Equivalent (underdetermined) formulations yield different solutions!

Hello,
I have an underdetermined system of equations Y=XA
I tried to minimize the following objective functions,

  1. minimize sum(sum_square(Y-X1*A,2))
  2. minimize sum(sum_square(Y-X2*A,1))
  3. minimize norm(Y-X3*A,'fro')

The solutions (X1,X2,X3) are very different from each other.
Neither are the values to the objective functions similar.

Why is this happening? Aren’t the 3 equivalent?
Following is some sample code.

A=randn(70,100)';
A=A./norm(A);
X=rand(100);
Y=X*A;
%1
cvx_begin
variable X1(100,100)
minimize sum(sum_square(Y-X1*A,2))
cvx_end
%2
cvx_begin
variable X2(100,100)
minimize sum(sum_square(Y-X2*A,1))
cvx_end
%3
cvx_begin
variable X3(100,100)
minimize norm(Y-X3*A,'fro')
cvx_end

Thanks a lot

You need to square the ‘fro’ norm, for instance by applying square_pos, to be equivalent to the others.

Other than that, when I run them, I get optimal objective values which seem to be within solver tolerance variation (which I deem to be similar enough), using either SeDuMi or SDPT3 with default tolerances. What are your optimal objective values?

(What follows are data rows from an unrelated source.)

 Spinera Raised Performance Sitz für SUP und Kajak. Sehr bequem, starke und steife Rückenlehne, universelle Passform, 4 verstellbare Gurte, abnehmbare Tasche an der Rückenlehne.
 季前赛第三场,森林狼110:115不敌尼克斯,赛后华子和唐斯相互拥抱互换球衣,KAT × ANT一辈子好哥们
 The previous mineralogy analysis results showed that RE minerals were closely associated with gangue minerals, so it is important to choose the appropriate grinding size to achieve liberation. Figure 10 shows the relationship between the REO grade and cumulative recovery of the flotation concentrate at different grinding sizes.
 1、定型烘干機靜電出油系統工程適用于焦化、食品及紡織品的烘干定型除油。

The optimal values do look almost similar, 3.9880e-12, 3.2262e-11 and 5.0159e-09 for cases 1,2 and 3 (after squaring the fro term).
However, the solution X takes very different values.
For example in one realization,

 norm(X1-X2,'fro')=0.449
 norm(X1-X3,'fro')=6.01
 norm(X2-X3,'fro')=5.59

I had assumed that equivalent forms meant that the same minima would be reached in each case. I understand that there is no unique solution here, but shouldn’t the three solutions be the same (to within a small error)?

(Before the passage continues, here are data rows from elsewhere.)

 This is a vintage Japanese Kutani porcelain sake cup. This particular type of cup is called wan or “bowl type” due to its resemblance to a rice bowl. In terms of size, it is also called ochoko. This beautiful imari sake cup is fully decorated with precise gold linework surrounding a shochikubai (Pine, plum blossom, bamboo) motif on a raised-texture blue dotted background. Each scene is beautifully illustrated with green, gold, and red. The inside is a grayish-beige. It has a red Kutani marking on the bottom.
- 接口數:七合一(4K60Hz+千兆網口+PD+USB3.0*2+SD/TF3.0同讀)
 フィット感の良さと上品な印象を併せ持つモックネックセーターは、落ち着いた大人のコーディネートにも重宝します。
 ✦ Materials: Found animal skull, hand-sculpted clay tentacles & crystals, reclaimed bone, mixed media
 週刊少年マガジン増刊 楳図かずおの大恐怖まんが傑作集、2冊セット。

The problems getting passed to the solver are not identical, even if they are mathematically equivalent optimization problems presuming exact arithmetic were being used. I defer to mcg to further explain. Given non-uniqueness of the optimal solution, I believe your assumption that argmins should necessarily basically be the same is false.

CVX is operating correctly.

As you say, the problems are underdetermined. The optimal value is therefore zero, and there are multiple optimal solutions. The three values returned by these formulations are all within reasonable numerical tolerances.

CVX is under no obligation to give you a specific solution when there are multiple solutions. The one it chooses will depend upon the specific formulation and the specific solver. If you favor one solution over another, that fact must be reflected in your model.

Okay, my bad. Thanks for the quick replies.